EO imagery collected on May 22 at 07:50 UTC identified a second 190-meter dark Handymax tanker at the same T-pier berth, assessed as a different vessel than the May 20 observation despite physical similarities. On May 23 at 07:32 UTC, an Aframax-class tanker was observed loading at the Northern Berth of the T-Jetty.
The three loadings across May 20-23 represent a partial recovery of Kharg operations following 13 days of inactivity, though the cadence remains a fraction of the early-April multi-tanker tempo. The May 14 inbound transit to May 20 loading provides a confirmed end-to-end logistics cycle for the current Iranian dark-fleet operating pattern.
Approximately 27 vessels remained in the offshore anchorage east of Kharg as of May 21, with the majority of VLCCs at anchor assessed by Windward as being used for floating storage. Among the 27 tankers, 18 are VLCCs. Vortexa data indicates 39.79 million barrels of Iran-origin oil are currently in floating storage across 79 tankers.
Chabahar Holds as a Multi-Fleet Staging Zone
Multi-collection SAR and EO imagery over the Chabahar offshore holding area between May 10 and May 23 identified continuous activity at the holding area, with peak vessel counts of approximately 35 on May 10, declining to approximately 14 tankers on May 23. A persistence overlay across six collections identified a dwell zone 15-25 kilometers southwest of the port occupied on four or more of six collection dates, indicating a long-dwell cohort that has not departed.
Vessel mix observed on EO collection dates includes crude tankers, product tankers, cargo, bulk, and LPG vessels, indicating that the holding area serves multiple fleet segments rather than exclusively crude operations.
EO imagery on May 22 at 07:54 UTC identified that of 20 vessels anchored in the offshore holding area on May 21, 15 are dark. Of the dark vessels, 12 are tankers, including 8 VLCCs between 330-340 meters, an increase of 3 VLCCs over the May 21 count.

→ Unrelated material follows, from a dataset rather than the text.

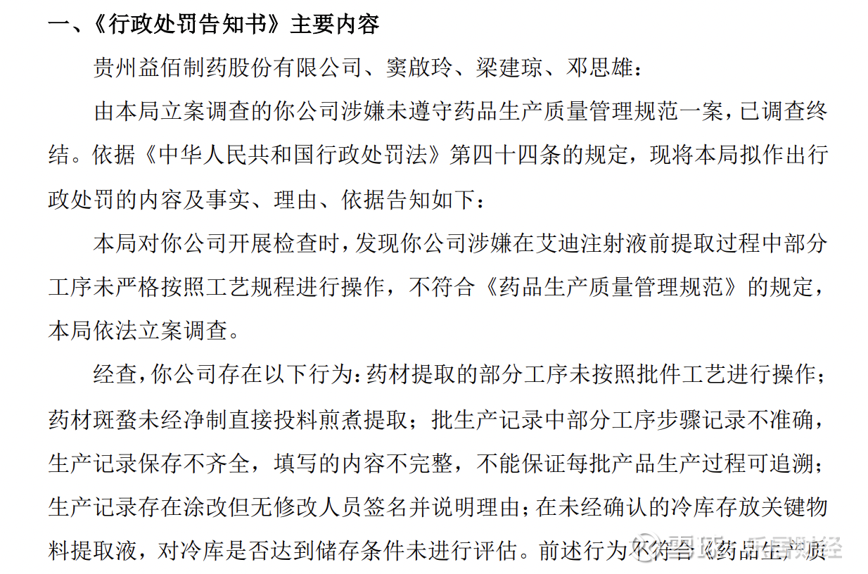 2024年4月,益佰制药公告,近日,公司法定代表人窦啟玲、生产负责人梁建琼及质量负责人兼质量受权人邓思雄分别收到贵州省药品监督管理局出具的《行政处罚告知书》。

At least three possible IRGC speedcraft were observed sailing within the port waiting area on May 22 in separate directions.
EO collected on May 23 at 06:14 UTC identified 14 tankers at the Chabahar holding area, with 6 assessed as VLCCs and the remaining 8 assessed as Suezmax-class.
Windward assesses the Chabahar holding area as a multi-purpose staging zone east of the Strait, absorbing mixed-fleet traffic that cannot or will not transit through the disrupted corridor. Count fluctuations are consistent with rotation rather than sustained departure.
Trump Says the Strait Will Open
U.S. President Trump publicly stated on May 23 that an agreement with Iran has been largely negotiated and that the Strait of Hormuz will be opened. Earlier in the cycle, Trump told reporters he had been “an hour away” from ordering new military strikes on Iran but held off at the request of Gulf allies. Windward will monitor for confirmation of the framework’s terms and any observable changes in vessel posture.
Hormuz Transits Remain Constrained
Commercial transit activity through the Strait of Hormuz between May 20 and May 24 remained heavily constrained and dominated by small vessels operating under both AIS and dark profiles. Hormuz transits across May 20-21 identified four inbound AIS-transmitting vessels, all between 106 and 229 meters in length, with two of the four operating under U.S. sanctions.
SAR imagery on May 21 at 14:16 UTC identified four outbound transits, of which three were dark, and one was AIS-transmitting.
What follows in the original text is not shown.